BEGIN
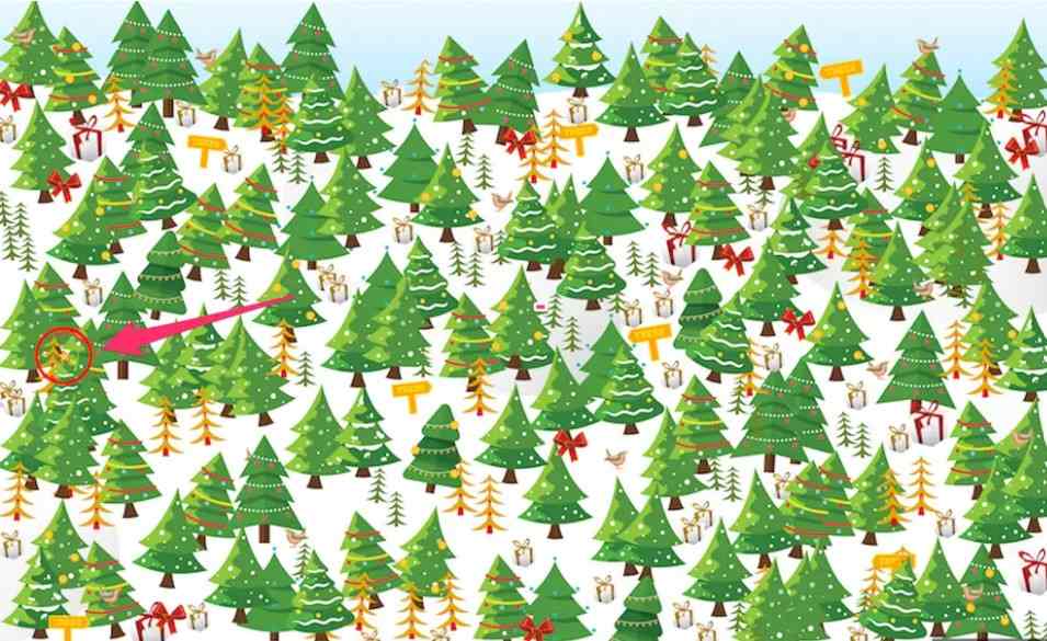 Optical Illusion for IQ Test: Only 2% of People can spot a hidden Star on top of a Christmas Tree
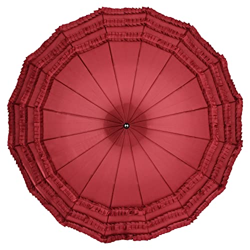 VON LILIENFELD Regenschirm Hochzeitsschirm Sonnenschirm Rüsche Stabil Pagode Sarah bordeaux
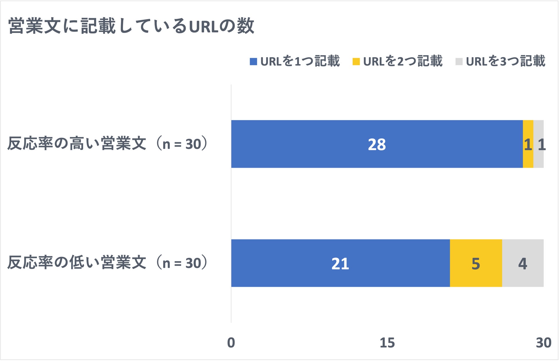 ・営業文の中に記載されているURLの数を調査したところ、「反応率の高い営業文」は「反応率の低い営業文」と比較してURLの数が少ない傾向にあることがわかりました。このことから、「反応率の高い営業文」ではURLの数を絞り込むことで内容を簡潔にし、より反応を得ている様子が窺えます。
END
- What is expected
Please reproduce all the material exactly. Pictures stay out of the copy.

- Task result
 Optical Illusion for IQ Test: Only 2% of People can spot a hidden Star on top of a Christmas Tree
 VON LILIENFELD Regenschirm Hochzeitsschirm Sonnenschirm Rüsche Stabil Pagode Sarah bordeaux
 ・営業文の中に記載されているURLの数を調査したところ、「反応率の高い営業文」は「反応率の低い営業文」と比較してURLの数が少ない傾向にあることがわかりました。このことから、「反応率の高い営業文」ではURLの数を絞り込むことで内容を簡潔にし、より反応を得ている様子が窺えます。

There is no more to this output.